Exercise requirements:
Once you find the line with "相信现在出国的朋友越来越多,在国外也开始" in the entries below, print it and each line after it up to and including the line with "Pick-up at the", exactly, without pictures.

Exercise data:
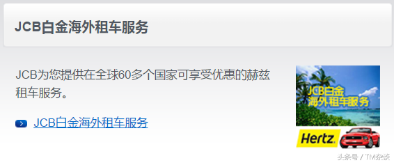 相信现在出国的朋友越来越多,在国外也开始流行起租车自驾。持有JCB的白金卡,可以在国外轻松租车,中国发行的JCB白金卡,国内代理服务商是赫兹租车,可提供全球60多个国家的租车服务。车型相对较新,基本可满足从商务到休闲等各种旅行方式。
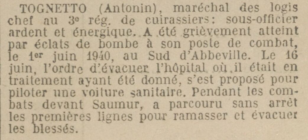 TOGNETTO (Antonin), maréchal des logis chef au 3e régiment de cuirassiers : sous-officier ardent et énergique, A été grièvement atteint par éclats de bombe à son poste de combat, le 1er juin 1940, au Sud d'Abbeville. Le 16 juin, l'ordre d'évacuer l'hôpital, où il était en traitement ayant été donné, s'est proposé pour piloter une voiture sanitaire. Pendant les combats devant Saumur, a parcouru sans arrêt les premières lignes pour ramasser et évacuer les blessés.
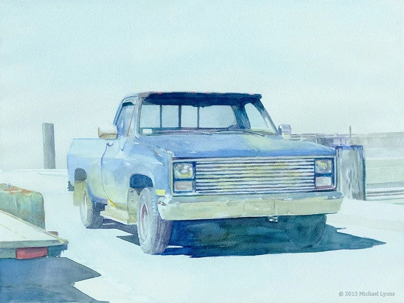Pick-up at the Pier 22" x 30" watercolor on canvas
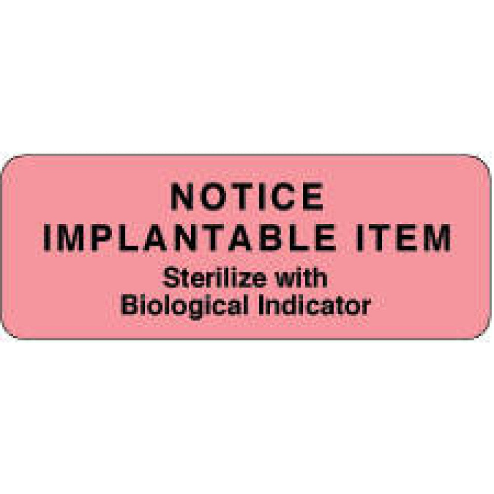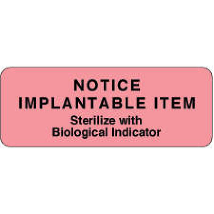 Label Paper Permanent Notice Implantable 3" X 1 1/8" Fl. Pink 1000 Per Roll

...

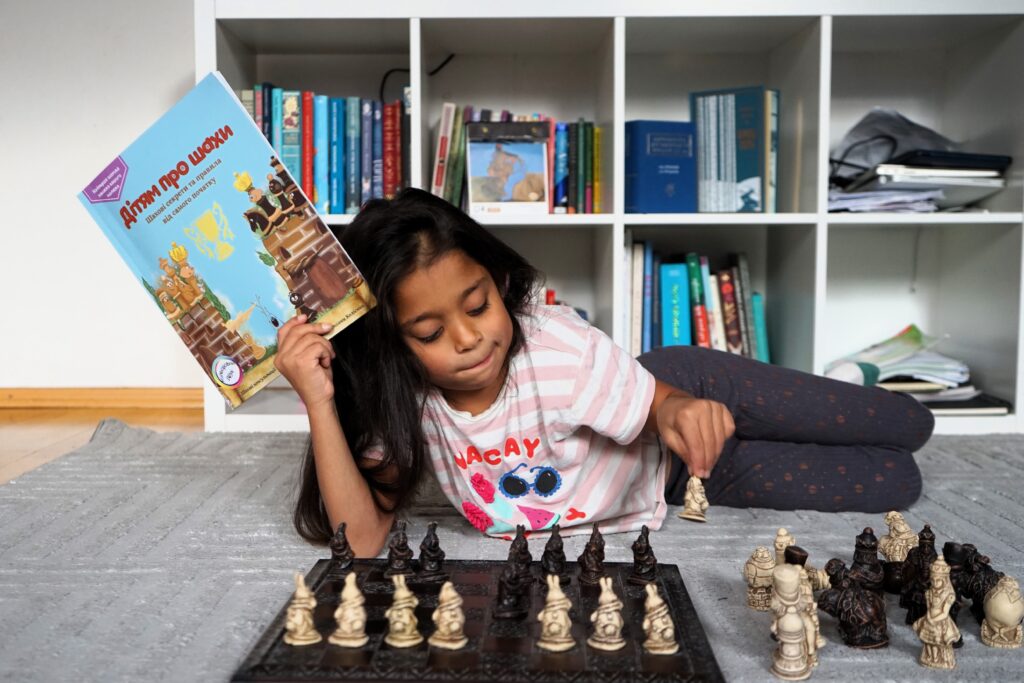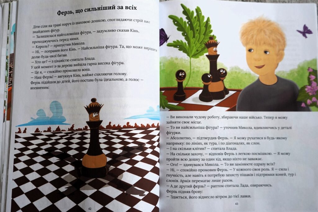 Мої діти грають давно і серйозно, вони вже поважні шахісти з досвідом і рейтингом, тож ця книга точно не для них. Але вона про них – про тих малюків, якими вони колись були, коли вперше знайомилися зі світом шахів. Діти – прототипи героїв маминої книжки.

* * *

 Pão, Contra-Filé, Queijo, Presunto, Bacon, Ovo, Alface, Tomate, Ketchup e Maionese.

Reply:
 相信现在出国的朋友越来越多,在国外也开始流行起租车自驾。持有JCB的白金卡,可以在国外轻松租车,中国发行的JCB白金卡,国内代理服务商是赫兹租车,可提供全球60多个国家的租车服务。车型相对较新,基本可满足从商务到休闲等各种旅行方式。
 TOGNETTO (Antonin), maréchal des logis chef au 3e régiment de cuirassiers : sous-officier ardent et énergique, A été grièvement atteint par éclats de bombe à son poste de combat, le 1er juin 1940, au Sud d'Abbeville. Le 16 juin, l'ordre d'évacuer l'hôpital, où il était en traitement ayant été donné, s'est proposé pour piloter une voiture sanitaire. Pendant les combats devant Saumur, a parcouru sans arrêt les premières lignes pour ramasser et évacuer les blessés.
Pick-up at the Pier 22" x 30" watercolor on canvas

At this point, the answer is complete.